Rock Transgresivo is the debut album of the Spanish hard rock band Extremoduro. After recording their demo tape Rock Transgresivo in January 1989, they released their first studio album Tú en Tu Casa, Nosotros en la Hoguera. The result left them unsatisfied so the original demo tape was remixed and partially re-recorded and it was released in August 1994 in order to replace the older studio album.

Background, recording and production
In 1987 the band was on hiatus when Roberto Iniesta decided to come back with Salo and Luis "von Fanta" as new members in 1988. They hadn't enough money for recording a studio album so they sold tickets that would be exchanged for the album.

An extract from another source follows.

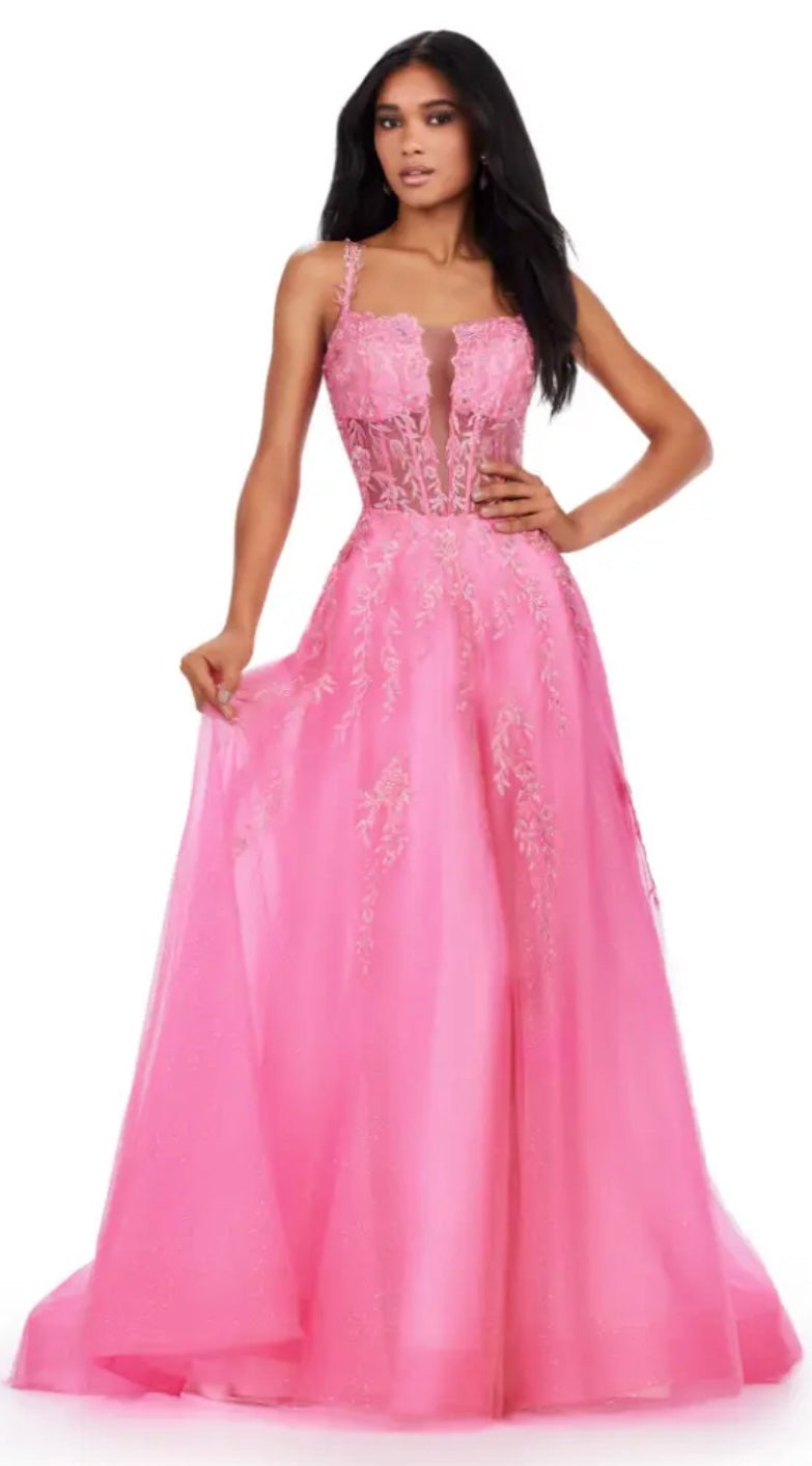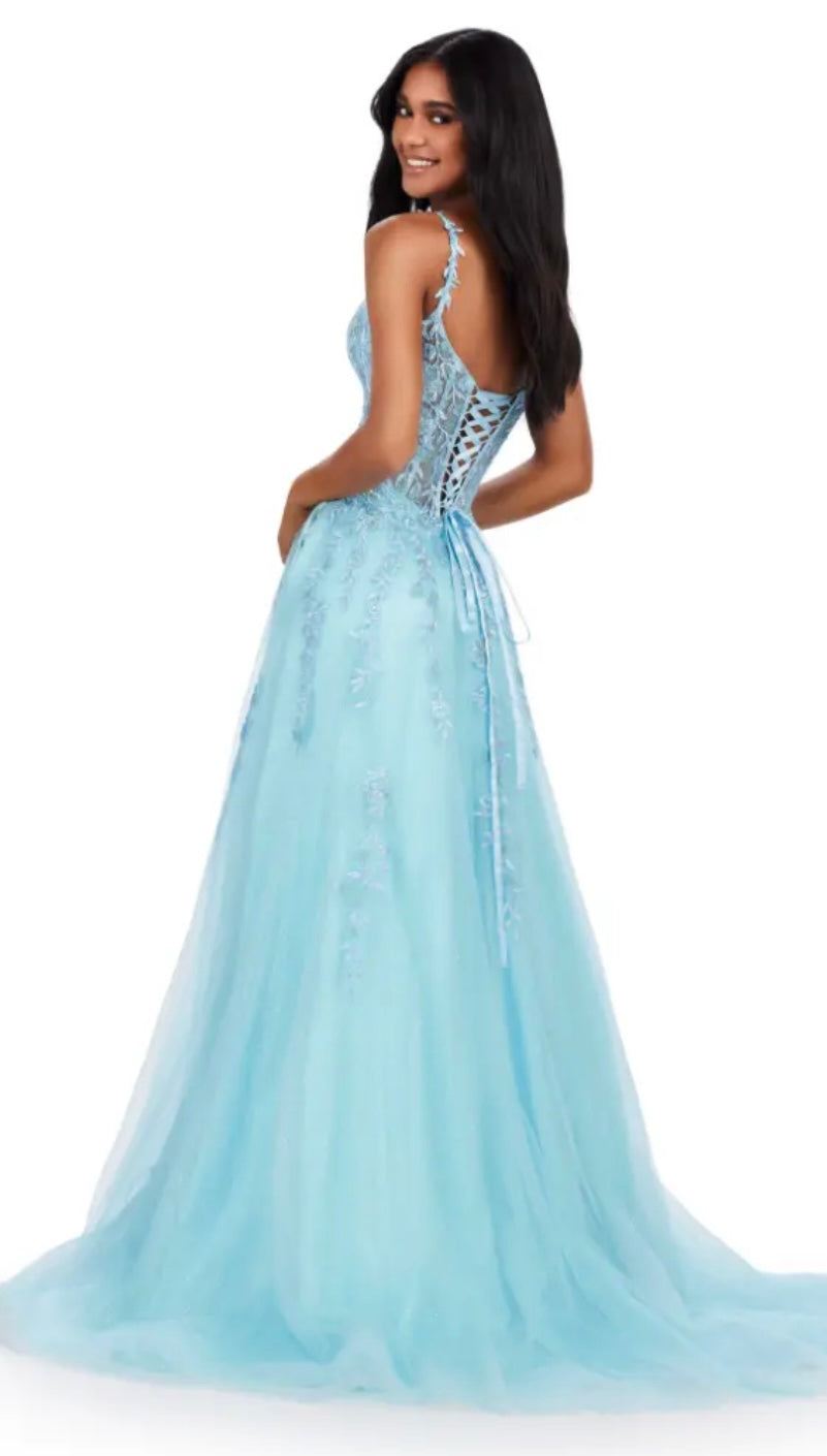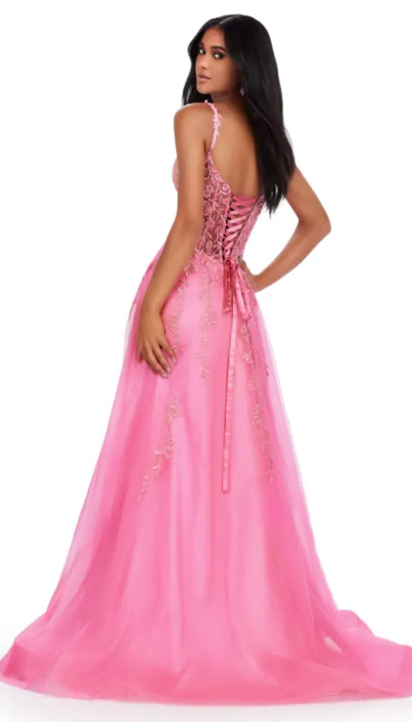 Living in a fairytale! This spaghetti strap gown features a v- neckline with a lace appliqué bodice. The lace up back and glitter tulle skirt completes the look. Some items may be on backorder or drop-ship. Contact sales for details.

When they sold 250 tickets they had earned enough money to afford the recording. At January 1989 they started the recording of their first 7 songs on Duplimatic Studios in Madrid, containing Extremaydura, Emparedado, Decidí, Romperás, Arrebato, Jesucristo García, La Hoguera.

The distribution of the demo tape Rock Transgresivo began to attract attention inside and outside their home region of Plasencia; it was so well received that the Catalan television program Plastic invited them for a live performance. They were then selected for the national final of the Yamaha trophy in which they finished third.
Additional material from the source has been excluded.